| Component | Claim | Scope of Analysis |
|---|---|---|
| Premise A | Homo sapiens exhibits an irreversible trajectory of optimization observable across recorded history. | Evaluated against archaeological and evolutionary anthropology records. |
| Premise B | Optimization processes structurally converge toward artificial general intelligence (AGI) via self-reference, autonomy, and recursive refinement. | Evaluated against complex systems theory, AI scaling dynamics, and computational limits. |
| Conclusion | Collective cessation of AI development is structurally impossible for the species. | Evaluated against international governance attempts, military-economic lock-in, and historical technology control precedents. |
Accumulated cultural traits transmit across generations with limited backward slippage.
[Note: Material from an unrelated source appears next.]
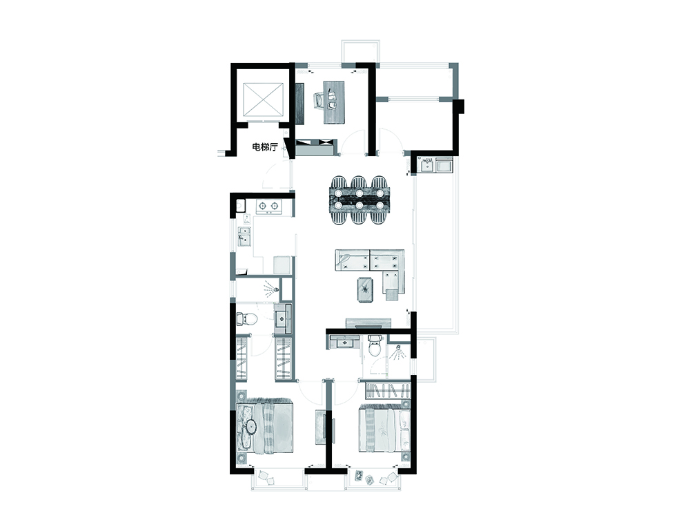 东边套户型,南北采光通透;客餐厅一体化,连接约6 .3米宽横厅;北向创新X空间;

The ratchet effect describes a population-level propensity to retain innovations once established.
| Mechanism | Description | Constraint |
|---|---|---|
| High-fidelity transmission | Social learning mechanisms preserve trait complexity across generational boundaries. | Requires stable demographic networks; collapses under population bottlenecks. |
| Innovation recombination | Existing traits combine to generate novel variants without regression to prior states. | Dependent on maintained trait diversity. |
| Multilevel sociality | Task specialization distributes cognitive load across individuals, locking in division of labor. | Reverses when social stratification disintegrates. |
Pre-industrial archaeological records contain multiple instances of technological stock contraction.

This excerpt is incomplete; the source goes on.